Insurance companies have always been among the most data-savvy innovators, basically because of the ability to calculate risks accurately makes or breaks their business. Nowadays, insurance companies around the world are engaging with artificial intelligence to build new data-driven capabilities and next-generation insurance products.

According to Gartner, as of 2022, analysts predict that 85% of algorithms used in the insurance industry will be incorrect because of bias. This is because in most cases, the data sets used to train AI models lack enough data representation for women, people of colour, and other minority groups. This underrepresentation not only affects insurers' business decisions, but also consumers' lives. For instance, many customers in minority neighbourhoods are being charged higher car insurance premiums than those in primarily wealthy neighbourhoods.

However, bias is just one of the many challenges that insurers have encountered regarding the use of Artificial Intelligence.
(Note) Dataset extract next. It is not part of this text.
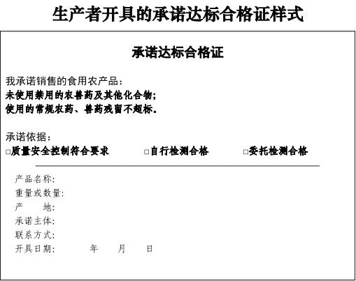 承诺达标合格证是指农产品生产企业、农民专业合作社、农户和从事农产品收购的单位或者个人,根据质量安全控制、检测结果等依法开具,承诺其销售的农产品未使用禁用农药、兽药及其他化合物且使用的常规农药、兽药残留不超标等的证明。

These challenges include:

  • 1. Model explainability

    AI models are complex in essence. Sometimes, even the data scientists that developed and trained the models do not know exactly how or why they work. It is this lack of explainability that can play a role in preventing peers within the organization (such as line-of-business leaders), regulators, and even customers from buying in. As regulatory pressure grows, as do customer expectations, explainable AI will become a must-have for any organization.

  • 2. Compliance

    In the years to come, insurance providers must become more sophisticated in their use of artificial intelligence and analytics across their operations while staying compliant with regulations, as well as protecting the personal information of their customers. Insurers’ data and AI models must adhere to multiple regulations, including data privacy rules such as GDPR and CCPA. Securing and maintaining regulatory compliance is a constant struggle for the industry.

  • 3. Achieving business value

    Many AI models never reach production for quality reasons, which makes it hard to achieve ROI on AI investments. This inability to generate business value through data can be due to several factors. In some cases, data is so sensitive that data teams are unable to access it. In other cases, when it is possible to access parts of it, the data has been stripped of so much information to protect sensitive data that it is of no use for model training or analysis. In both scenarios, companies can generate a smaller value but never reach the data full business potential.

Synthetic data is emerging as a possible solution to all of these challenges. Synthetic data sets contain the same amount of details as original customer data, but without the original personal details. Synthetic datasets without any personal information can also be tweaked to improve balance and representation, and help insurers comply with privacy regulations like GDPR and CCPA.

Synthetic data is quickly replacing traditional approaches to data anonymization including data masking, randomization, permutation or generalization. A new approach based on synthetic data is much more secure, saving money and accelerating AI model development since datasets can be created in a fraction of the time.

Also, privacy-preserving synthetic data offers an alternative for companies to overcome their inability to derive insights and models to production, and so the risks associated with model explainability and bias, since model validation can be performed using high-quality AI-generated synthetic data. For local interpretability methods like SHAP, it is important to have access not only to the model but also to a large number of representative and relevant data samples.

Use cases of synthetic data for insurers

Artificial insurance fueled with synthetic data improves several insurer pain points while simultaneously benefiting the customer. With the advent of advanced machine learning algorithms, underwriters are bringing in more information to better assess risk and offer tailor-made premium pricing. This rapid change means big things for insurers and applicants alike.

Synthetic data can be generated in many shapes and forms, allowing a variety of different use cases. Synthetic data for AI development is one of the richest use case categories with many high-value applications. According to Gartner, by 2024, 60% of the data used for the development of AI and analytics projects will be synthetically generated.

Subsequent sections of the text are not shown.